-- WORK TO COMPLETE --
Word for word, copy all the data and drop the pictures.

-- INPUT DATA --
_ _ _ _ _

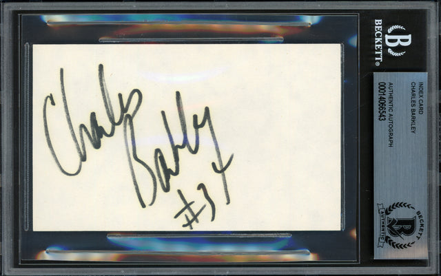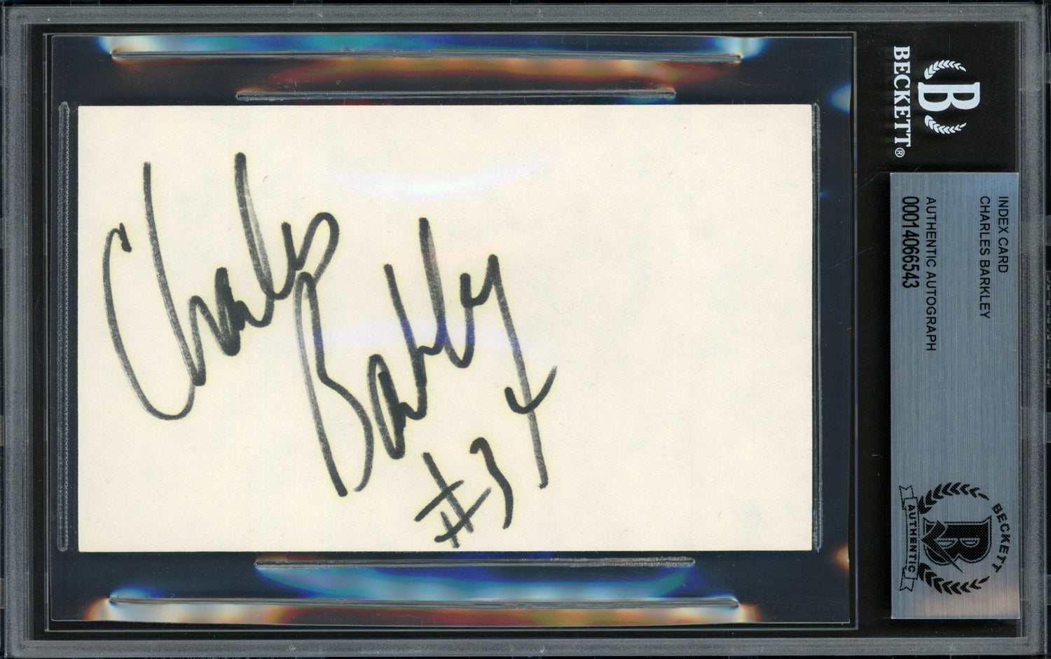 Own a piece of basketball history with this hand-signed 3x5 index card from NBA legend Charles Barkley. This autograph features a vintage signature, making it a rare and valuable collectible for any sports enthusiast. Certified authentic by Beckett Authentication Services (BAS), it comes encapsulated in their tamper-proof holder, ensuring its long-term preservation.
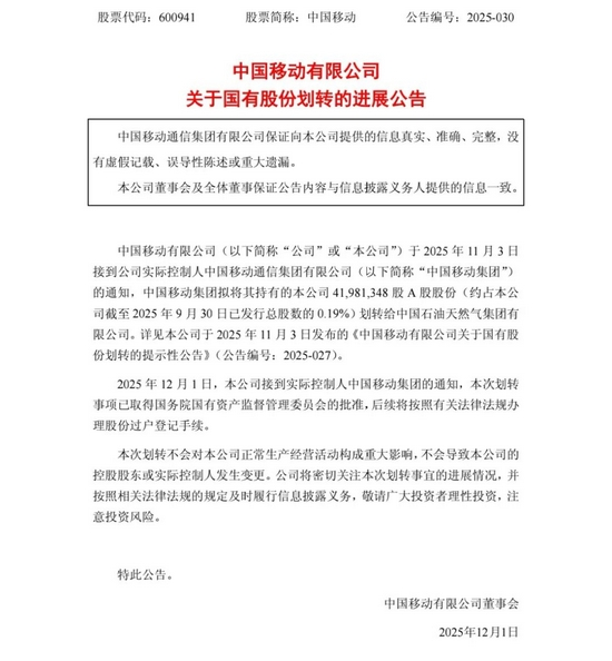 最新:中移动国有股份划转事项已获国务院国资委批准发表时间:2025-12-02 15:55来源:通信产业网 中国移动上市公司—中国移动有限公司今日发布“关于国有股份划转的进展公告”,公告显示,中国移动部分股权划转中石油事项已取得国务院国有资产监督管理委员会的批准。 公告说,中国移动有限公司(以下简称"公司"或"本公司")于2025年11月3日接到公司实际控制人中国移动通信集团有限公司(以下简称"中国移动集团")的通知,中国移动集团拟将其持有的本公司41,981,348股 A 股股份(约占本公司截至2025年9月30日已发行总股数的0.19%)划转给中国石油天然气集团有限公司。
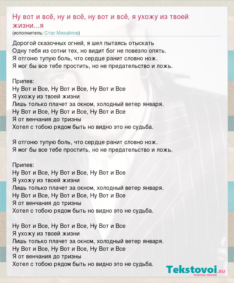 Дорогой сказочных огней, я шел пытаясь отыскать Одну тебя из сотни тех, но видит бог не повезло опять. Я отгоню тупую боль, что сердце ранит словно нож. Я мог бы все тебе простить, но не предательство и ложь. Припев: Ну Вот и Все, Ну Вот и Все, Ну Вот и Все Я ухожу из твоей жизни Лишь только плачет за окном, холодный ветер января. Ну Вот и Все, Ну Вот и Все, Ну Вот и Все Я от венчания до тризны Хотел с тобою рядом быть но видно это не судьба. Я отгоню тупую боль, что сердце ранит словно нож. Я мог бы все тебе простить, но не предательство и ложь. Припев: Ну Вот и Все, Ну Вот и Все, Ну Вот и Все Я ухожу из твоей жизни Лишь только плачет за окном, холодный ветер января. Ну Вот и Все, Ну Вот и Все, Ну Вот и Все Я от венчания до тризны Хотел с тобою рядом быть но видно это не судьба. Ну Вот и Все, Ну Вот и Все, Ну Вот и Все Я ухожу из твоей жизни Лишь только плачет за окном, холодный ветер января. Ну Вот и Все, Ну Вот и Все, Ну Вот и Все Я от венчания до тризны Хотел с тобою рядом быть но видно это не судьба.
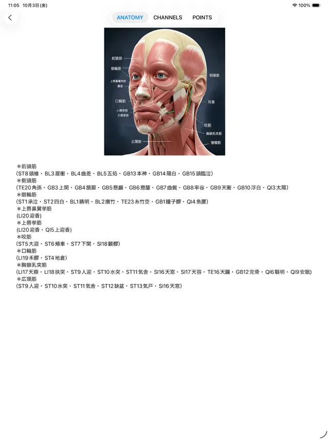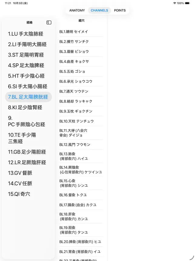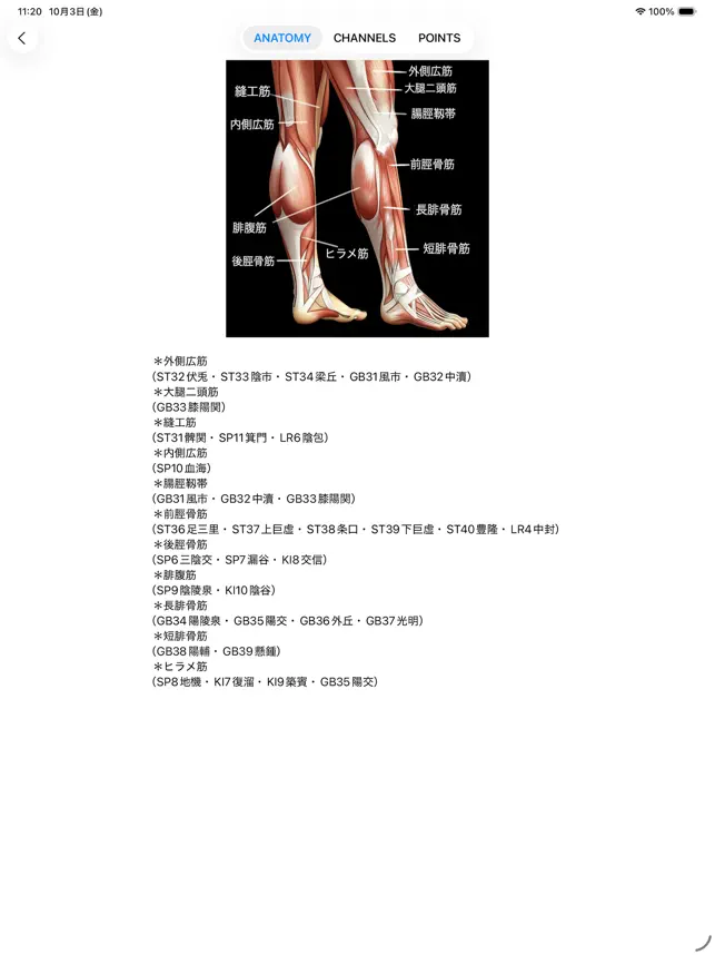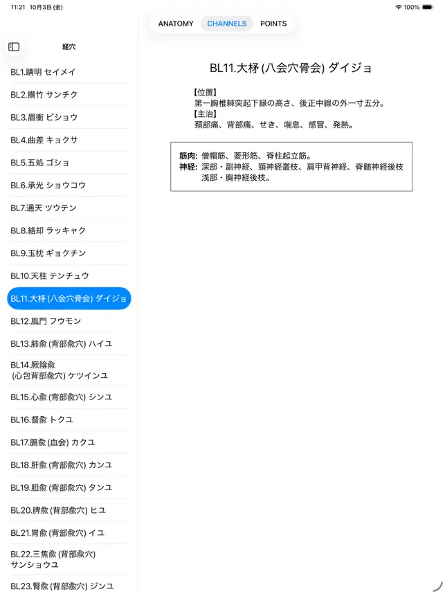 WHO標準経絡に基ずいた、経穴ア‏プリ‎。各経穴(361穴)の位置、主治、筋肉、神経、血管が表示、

_ _ _ _ _

-- RESPONSE TO THIS EXERCISE --
 Own a piece of basketball history with this hand-signed 3x5 index card from NBA legend Charles Barkley. This autograph features a vintage signature, making it a rare and valuable collectible for any sports enthusiast. Certified authentic by Beckett Authentication Services (BAS), it comes encapsulated in their tamper-proof holder, ensuring its long-term preservation.
 最新:中移动国有股份划转事项已获国务院国资委批准发表时间:2025-12-02 15:55来源:通信产业网 中国移动上市公司—中国移动有限公司今日发布“关于国有股份划转的进展公告”,公告显示,中国移动部分股权划转中石油事项已取得国务院国有资产监督管理委员会的批准。 公告说,中国移动有限公司(以下简称"公司"或"本公司")于2025年11月3日接到公司实际控制人中国移动通信集团有限公司(以下简称"中国移动集团")的通知,中国移动集团拟将其持有的本公司41,981,348股 A 股股份(约占本公司截至2025年9月30日已发行总股数的0.19%)划转给中国石油天然气集团有限公司。
 Дорогой сказочных огней, я шел пытаясь отыскать Одну тебя из сотни тех, но видит бог не повезло опять. Я отгоню тупую боль, что сердце ранит словно нож. Я мог бы все тебе простить, но не предательство и ложь. Припев: Ну Вот и Все, Ну Вот и Все, Ну Вот и Все Я ухожу из твоей жизни Лишь только плачет за окном, холодный ветер января. Ну Вот и Все, Ну Вот и Все, Ну Вот и Все Я от венчания до тризны Хотел с тобою рядом быть но видно это не судьба. Я отгоню тупую боль, что сердце ранит словно нож. Я мог бы все тебе простить, но не предательство и ложь. Припев: Ну Вот и Все, Ну Вот и Все, Ну Вот и Все Я ухожу из твоей жизни Лишь только плачет за окном, холодный ветер января. Ну Вот и Все, Ну Вот и Все, Ну Вот и Все Я от венчания до тризны Хотел с тобою рядом быть но видно это не судьба. Ну Вот и Все, Ну Вот и Все, Ну Вот и Все Я ухожу из твоей жизни Лишь только плачет за окном, холодный ветер января. Ну Вот и Все, Ну Вот и Все, Ну Вот и Все Я от венчания до тризны Хотел с тобою рядом быть но видно это не судьба.
 WHO標準経絡に基ずいた、経穴ア‏プリ‎。各経穴(361穴)の位置、主治、筋肉、神経、血管が表示、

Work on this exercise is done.